Two problems surfaced about this time. There had been no publicly available written definitions of the semantics of the bib-1 attributes, so implementers were unclear about how to support them. Since this was the only visible set, and since version 2 did not allow a query to use more than a single attribute set, implementers wanted to add whatever attributes they needed to the bib-1 set. Thus the bib-1 set evolved away from the bibliographic community where it had started, and it grew without plan or rigor until it was viewed as a kind of global set. A document detailing the semantics was updated in 1995, but it is not part of the standard.
In 1994 and 1995, as Z39.50 version 3 was being finalized and as Z39.50 began to be widely implemented, the Z39.50 Implementors Group faced questions about the relationships among attribute sets that other groups were developing, notably the STAS and GILS attribute sets. Clifford Lynch prepared a discussion paper for the February 1996 ZIG meeting that detailed the issues:
The major conclusion of the group was that a new architecture for attribute sets should be developed; they went on to recommend an architecture based on classes of attribute sets, with expanded attribute types. Another major conclusion was that expert communities, rather than the ZIG, should be responsible for developing and maintaining attribute sets (as was the case with GILS and STAS). Notably, they recommended that the bibliographic community, rather than the ZIG, develop the next generation of bibliographic attributes. The ZIG should continue to be responsible for attributes that are general to Z39.50, that is, not specific to a given community.
Ed. Note: List of meeting participants and other significant contributors to be listed here.
The type-1 query consists of one or more search terms, each with a set of attributes, specifying, for example, the type of term (author, title, subject, etc.), whether the term is truncated, and its structure. The server is responsible for mapping attributes to the logical design of the database.
A term in a type-1 query, together with its accompanying collection of attributes, is referred to as an operand. Operands may be combined in a type-1 query, linked by boolean operators (And, Or, And-not, and Proximity).
Each attribute is a pair: an attribute type and a value of that type. An Attribute set defines a set of attribute types, and for each, a list of possible values.
An attribute set definition is assigned an object identifier, referred to as its attribute set identifier.
Example: The bib-1 attribute set defines a number of attribute types; one of which is Use. For bib-1 Use attributes, many attribute values are defined, one of which is personal name. Each type is assigned a numeric value, and each value is assigned either a numeric value or a string. In bib-1, type Use is assigned the value 1, and Personal Name is assigned the value 1. Thus bib-1 Use attribute Personal Name is represented as the pair (1,1). This pair is further qualified by the bib-1 attribute set identifier (1.2.840.10003.3.1) to distinguish it from the pair (1,1) that may be defined by other attribute sets.

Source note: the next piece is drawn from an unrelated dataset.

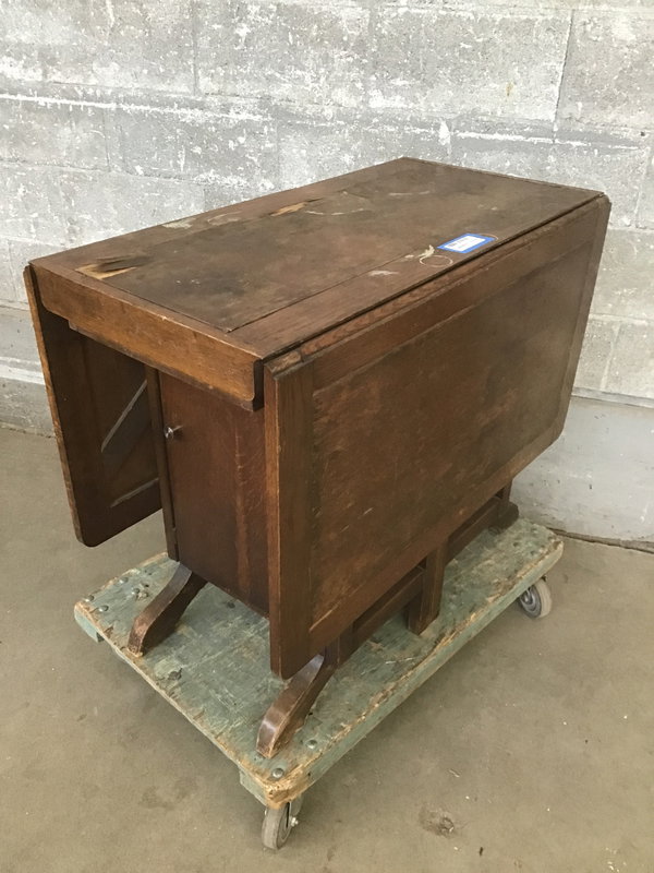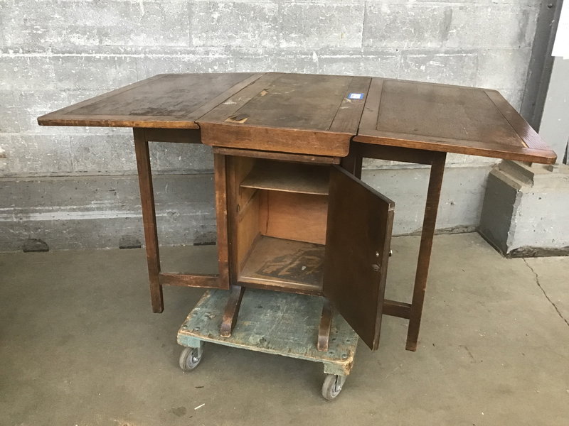 This vintage drop-leaf dining table has seen better days for sure. The top is coming off in a few spots, there are stains, and just overall pretty rough. The drop leaves are pretty decent in comparison. There is oddly some cabinet storage space on either end of the table, so that is pretty cool.

In version 2 of Z39.50, all attributes within a query must belong to a single attribute set (the query accommodates only a single, global attribute set id). In version 3, attributes may be combined from different attribute sets, within a single query, even within a single operand (an attribute set id may accompany every attribute). This is a significant enhancement, providing support for multiple database searching, and allowing attribute sets to be defined with less replication.
Also in version 3, new data types for terms are defined (in version 2 only binary values are allowed).
Replaced by:When specifying, for example, "field-1 within field-2" it will be possible to specify an occurrence, for example, "second occurrence of field-1, within field-2" but not, for example, "second occurrence of field-1, within second occurrence of field-2". That is, only a single node may carry occurrence, likely either the root or the leaf, and this should be statically specified within the attribute set definition. (This is a limitation of class 1, not a limitation of the type-1 query, and may be overcome by classes other than 1).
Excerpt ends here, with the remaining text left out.